# Pollen Storage



## bicycle racer (Mar 28, 2008)

does anyone have any personal experience with preserving pollen for a few months for future use? i would like to here from someone who has succesfully pollinated plants with preserved pollen and been succesfull i have heard refridgeration works for 2 or 3 months but dont want to waste my time thanks for any help


----------



## lucky182 (Mar 28, 2008)

I'm in the process right now... 1st you have to dry the pollen open air... then stick it in a paper envelope inside a baggy with a silica pack.. then stick the baggy in a vacuum seal bag full of dessectant.. then vacuum seal it and throw it in the freezer.. it'll be fine.. only thing is once you thaw it you can't re-freeze it.. so pack it into smaller one shot packs...

L


----------



## ultranyte (Mar 28, 2008)

Freezing pollen is bad(sometimes) and unnecessary. Just allow it to dry out and store in the fridge at 5C and it will be fine for a couple years.
Test tubes from a surplus store really help with keeping it air tight.


----------



## Blunt? (Mar 28, 2008)

Lol. Two very different opinions. I think I like the second better, as I don't have a vacuum sealer...I'll try this out if any of my plants come out male.


----------



## lucky182 (Mar 28, 2008)

ultranyte said:


> Freezing pollen is bad(sometimes) and unnecessary. Just allow it to dry out and store in the fridge at 5C and it will be fine for a couple years.
> Test tubes from a surplus store really help with keeping it air tight.


Fuck [email protected] Do you think I fucked up my pollen! WTF now I feel ill

L


----------



## Blunt? (Mar 28, 2008)

>.< I hope not. Maybe try leaving some of it the way you started and moving some to the other method and see if either fail when pollination time comes around?


----------



## Blunt? (Mar 28, 2008)

Sweet. Let me know how it goes when the time comes?


----------



## lucky182 (Mar 28, 2008)

Blunt? said:


> Sweet. Let me know how it goes when the time comes?

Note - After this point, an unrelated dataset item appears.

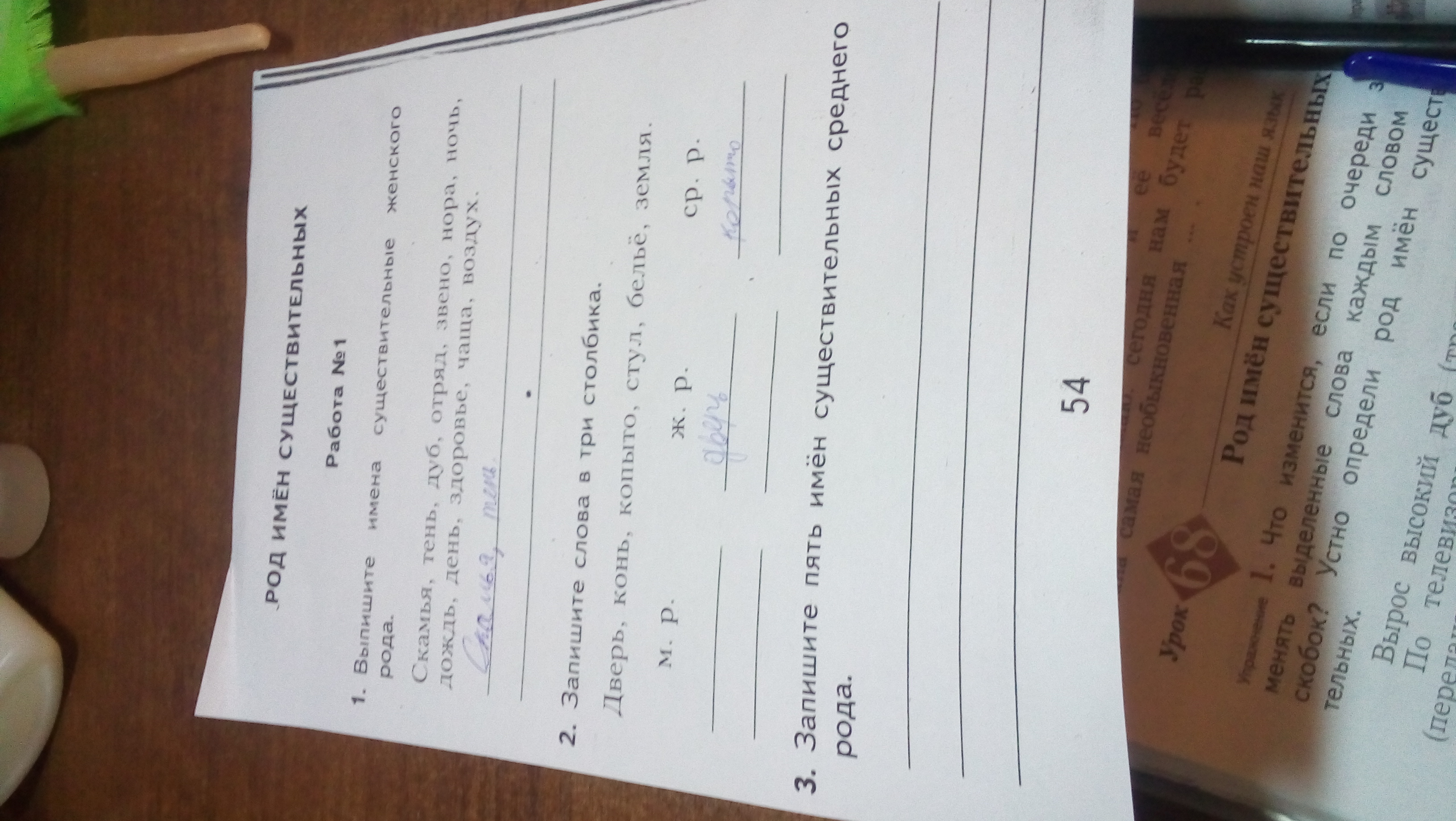 Имена существительные женского рода определяются благодаря вспомогательным словам она, моя, эта. Например: скамья (она).

Will do.. Just waitin' for the right female to come around... I'm a picky dude... hehehe

L


----------



## thedoctorzoidberg (Mar 28, 2008)

personal experience..... collected pollen in january of 07... used in end of december. seeds were good, i'm growin some of the offspring now. i collected pollen in brown glass jars, put in a silica gel pack and then into a shoe box in my dresser. silica is there to take out any extra moisture.... that's what'll get ya. i have never put my seeds or pollen in the fridge so i can't say it'll help or hurt, this is just from experience, it is the longest i held onto pollen... 12 months.


----------



## lucky182 (Mar 28, 2008)

Shit 12 months is good enuf for me...

L


----------



## bicycle racer (Mar 29, 2008)

thanks for everyones posts. i will try zoidbergs method with silica packs at room temp and maybe some in the fridge with silica all airtight. i am still waiting on the pollen so any other oppinions appreciated. also any clever ideas on the collection and selective application of pollen to specific branches without pollenating everything by accident would be great ive learned the hard way that you cant make mistakes with pollen.


----------



## thedoctorzoidberg (Mar 29, 2008)

i'll be interested to know how the fridge method works out for ya.


----------



## lucky182 (Mar 30, 2008)

bicycle racer said:


> thanks for everyones posts. i will try zoidbergs method with silica packs at room temp and maybe some in the fridge with silica all airtight. i am still waiting on the pollen so any other oppinions appreciated. also any clever ideas on the collection and selective application of pollen to specific branches without pollenating everything by accident would be great ive learned the hard way that you cant make mistakes with pollen.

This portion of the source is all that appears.